I believe that all developers who deal with text have a responsibility to thoroughly understand the concepts of Unicode. Unicode knowledge should be required by all web developers, database designers, back-end developers... well, everyone. The requirement to process text is ubiquitous for nearly every program, so every programmer needs to know how to do it correctly.

Honestly, I'm surprised by how little Unicode is emphasized in schools and elsewhere. At my college, we were basically taught to assume that foreign languages don't exist (i.e. ASCII only). I can't fathom why. I don't know if it's because they were unaware of Unicode, or if they wanted to "simplify" the material (which is wrong to do). Everyone else just seems to forget that Unicode exists.

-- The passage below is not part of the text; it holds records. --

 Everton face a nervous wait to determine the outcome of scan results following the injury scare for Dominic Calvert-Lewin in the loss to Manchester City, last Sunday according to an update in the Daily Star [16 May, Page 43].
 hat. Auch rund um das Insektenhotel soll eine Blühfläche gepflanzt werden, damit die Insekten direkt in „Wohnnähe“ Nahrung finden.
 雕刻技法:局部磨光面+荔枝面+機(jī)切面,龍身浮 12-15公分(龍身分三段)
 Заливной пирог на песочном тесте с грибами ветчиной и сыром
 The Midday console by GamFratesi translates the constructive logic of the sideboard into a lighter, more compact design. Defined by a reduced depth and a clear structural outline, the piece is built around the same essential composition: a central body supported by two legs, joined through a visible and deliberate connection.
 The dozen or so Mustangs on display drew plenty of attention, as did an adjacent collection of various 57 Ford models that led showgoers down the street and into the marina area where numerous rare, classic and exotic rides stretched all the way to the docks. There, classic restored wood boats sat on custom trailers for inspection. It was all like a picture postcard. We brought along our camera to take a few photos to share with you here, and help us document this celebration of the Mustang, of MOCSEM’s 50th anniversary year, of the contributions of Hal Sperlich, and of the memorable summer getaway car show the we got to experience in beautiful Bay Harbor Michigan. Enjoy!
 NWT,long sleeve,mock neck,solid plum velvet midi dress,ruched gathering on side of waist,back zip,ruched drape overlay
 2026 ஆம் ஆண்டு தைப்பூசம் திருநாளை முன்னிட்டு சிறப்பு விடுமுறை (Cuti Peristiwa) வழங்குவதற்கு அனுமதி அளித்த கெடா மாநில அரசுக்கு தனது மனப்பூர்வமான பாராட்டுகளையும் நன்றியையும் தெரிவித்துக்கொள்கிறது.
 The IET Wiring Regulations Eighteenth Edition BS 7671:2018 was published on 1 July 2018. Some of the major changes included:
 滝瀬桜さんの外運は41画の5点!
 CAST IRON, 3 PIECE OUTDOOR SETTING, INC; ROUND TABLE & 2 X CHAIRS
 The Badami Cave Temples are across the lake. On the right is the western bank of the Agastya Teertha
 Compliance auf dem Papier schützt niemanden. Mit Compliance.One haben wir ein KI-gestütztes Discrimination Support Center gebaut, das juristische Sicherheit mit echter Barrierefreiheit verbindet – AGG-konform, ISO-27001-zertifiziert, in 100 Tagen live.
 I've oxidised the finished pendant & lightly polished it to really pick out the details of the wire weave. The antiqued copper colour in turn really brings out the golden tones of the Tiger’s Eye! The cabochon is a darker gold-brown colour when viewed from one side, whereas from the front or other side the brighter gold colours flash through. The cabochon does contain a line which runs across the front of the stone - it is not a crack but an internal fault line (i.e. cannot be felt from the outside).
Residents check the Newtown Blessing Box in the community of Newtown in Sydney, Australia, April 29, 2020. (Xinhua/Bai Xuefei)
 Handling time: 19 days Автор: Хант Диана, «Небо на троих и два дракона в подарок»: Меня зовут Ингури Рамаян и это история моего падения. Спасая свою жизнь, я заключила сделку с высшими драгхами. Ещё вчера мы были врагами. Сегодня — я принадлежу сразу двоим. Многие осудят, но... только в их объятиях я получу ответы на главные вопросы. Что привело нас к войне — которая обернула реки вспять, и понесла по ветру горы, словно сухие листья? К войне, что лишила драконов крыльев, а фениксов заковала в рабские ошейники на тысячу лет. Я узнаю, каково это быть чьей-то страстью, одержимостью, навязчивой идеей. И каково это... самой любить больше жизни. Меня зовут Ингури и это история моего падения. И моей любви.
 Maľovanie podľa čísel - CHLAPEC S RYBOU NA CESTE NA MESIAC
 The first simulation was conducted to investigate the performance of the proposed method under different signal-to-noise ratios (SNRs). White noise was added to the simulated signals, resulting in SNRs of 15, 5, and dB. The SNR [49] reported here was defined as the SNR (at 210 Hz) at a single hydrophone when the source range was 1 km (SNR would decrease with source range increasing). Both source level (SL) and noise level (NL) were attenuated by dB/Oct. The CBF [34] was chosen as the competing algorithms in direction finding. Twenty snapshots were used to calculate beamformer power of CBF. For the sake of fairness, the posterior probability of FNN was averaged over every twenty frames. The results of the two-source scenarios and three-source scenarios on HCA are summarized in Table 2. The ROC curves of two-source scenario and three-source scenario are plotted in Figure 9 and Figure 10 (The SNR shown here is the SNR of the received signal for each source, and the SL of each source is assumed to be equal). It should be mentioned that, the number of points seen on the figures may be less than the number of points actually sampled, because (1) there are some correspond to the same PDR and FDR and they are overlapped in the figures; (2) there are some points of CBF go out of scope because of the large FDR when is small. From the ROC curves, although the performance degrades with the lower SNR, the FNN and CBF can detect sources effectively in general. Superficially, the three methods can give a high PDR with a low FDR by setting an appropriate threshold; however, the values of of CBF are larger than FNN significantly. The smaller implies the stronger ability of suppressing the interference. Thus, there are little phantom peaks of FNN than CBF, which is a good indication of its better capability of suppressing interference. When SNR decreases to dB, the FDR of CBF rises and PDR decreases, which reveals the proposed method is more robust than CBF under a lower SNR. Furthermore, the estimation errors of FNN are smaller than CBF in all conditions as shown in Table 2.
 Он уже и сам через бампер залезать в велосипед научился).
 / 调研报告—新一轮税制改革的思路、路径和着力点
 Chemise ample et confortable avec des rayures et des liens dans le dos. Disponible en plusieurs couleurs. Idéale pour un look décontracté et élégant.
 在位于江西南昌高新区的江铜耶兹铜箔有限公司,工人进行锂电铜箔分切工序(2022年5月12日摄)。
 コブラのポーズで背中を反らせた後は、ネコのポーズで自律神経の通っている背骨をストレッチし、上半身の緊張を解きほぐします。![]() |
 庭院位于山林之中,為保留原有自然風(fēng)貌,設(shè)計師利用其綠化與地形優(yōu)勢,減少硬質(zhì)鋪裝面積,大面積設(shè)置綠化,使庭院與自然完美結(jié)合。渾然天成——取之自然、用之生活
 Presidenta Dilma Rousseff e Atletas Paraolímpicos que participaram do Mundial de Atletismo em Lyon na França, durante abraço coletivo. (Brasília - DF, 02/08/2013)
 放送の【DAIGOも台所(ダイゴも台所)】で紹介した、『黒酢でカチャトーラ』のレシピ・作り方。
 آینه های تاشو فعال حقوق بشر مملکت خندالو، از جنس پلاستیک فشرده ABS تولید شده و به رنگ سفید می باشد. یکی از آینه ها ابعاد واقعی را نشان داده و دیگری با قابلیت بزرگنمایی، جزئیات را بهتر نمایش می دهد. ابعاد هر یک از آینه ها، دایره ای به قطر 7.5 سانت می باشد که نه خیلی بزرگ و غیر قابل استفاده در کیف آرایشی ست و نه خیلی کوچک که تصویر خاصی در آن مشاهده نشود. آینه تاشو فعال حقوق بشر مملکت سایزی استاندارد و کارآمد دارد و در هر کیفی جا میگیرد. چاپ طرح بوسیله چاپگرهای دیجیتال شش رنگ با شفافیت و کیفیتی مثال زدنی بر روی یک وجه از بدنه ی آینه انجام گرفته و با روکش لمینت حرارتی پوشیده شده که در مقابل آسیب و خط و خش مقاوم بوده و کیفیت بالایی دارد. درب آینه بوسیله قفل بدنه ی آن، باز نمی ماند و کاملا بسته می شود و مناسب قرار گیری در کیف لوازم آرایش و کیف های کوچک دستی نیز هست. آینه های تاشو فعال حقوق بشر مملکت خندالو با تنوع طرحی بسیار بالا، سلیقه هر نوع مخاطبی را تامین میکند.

For those of us who know what Unicode is, we know it's not simple. There's a lot to know, and it's still incredibly easy to make mistakes. I hope this list of gotchas will help somebody.

Gotchas

Characters that appear the same might not test equal

"Å" == "Å" => true and false?

You can try this yourself in your favorite Unicode-supporting programming language. The below example's lines can be entered into your browser's JavaScript REPL (F12 -> Console on most browsers):

// Both escaped sequences appear the same...
"\u00C5"        // => "Å"
"A\u030A"       // => "Å"

// But do not test the same.
"\u00C5" == "A\u030A"      // => false
"Å" == "Å"      // => false (same as above)
"Å" == "Å"      // => true

Did I just blow your mind? How does "Å" == "Å" evaluate to both true and false?

In the first case "Å" == "Å", we're not really comparing the same character; we're comparing two forms of the same character "Å": the NFC form and the NFD form.

Source: http://unicode.org/reports/tr15/#Canonical_Composites_Figure

Another NFC vs NFD example

Amélie with its two canonically equivalent Unicode forms (NFC and NFD)
NFC character A m é l i e
NFC code point 0041 006d 00e9 006c 0069 0065
NFD code point 0041 006d 0065 0301 006c 0069 0065
NFD character A m e ◌́ l i e

Source: https://en.wikipedia.org/w/index.php?title=Unicode_equivalence&oldid=651169117#Combining_and_precomposed_characters

It's important to note that both forms represent the same character semantically. Their code points are different, but for all intents and purposes, the characters they represent are the same.

Programming languages that come with Unicode support usually have Unicode normalization methods.

function doesAccountExist(username) {
    // The magic: normalize()
    var nfcUsername = username.normalize("NFC");

    return db.get("SELECT EXISTS (SELECT * FROM account WHERE username = ?)", nfcUsername)
    .then(function(row) {
        return row[0] != 0;
    });
}

String lengths are weird

'Jörg'.length;
// => 4
'Jörg'.length;
// => 5

Yeah. Most programming languages determine a string's length by the number of codepoints it contains. If you haven't figured it out yet, the first Jörg is NFC and the second one is NFD.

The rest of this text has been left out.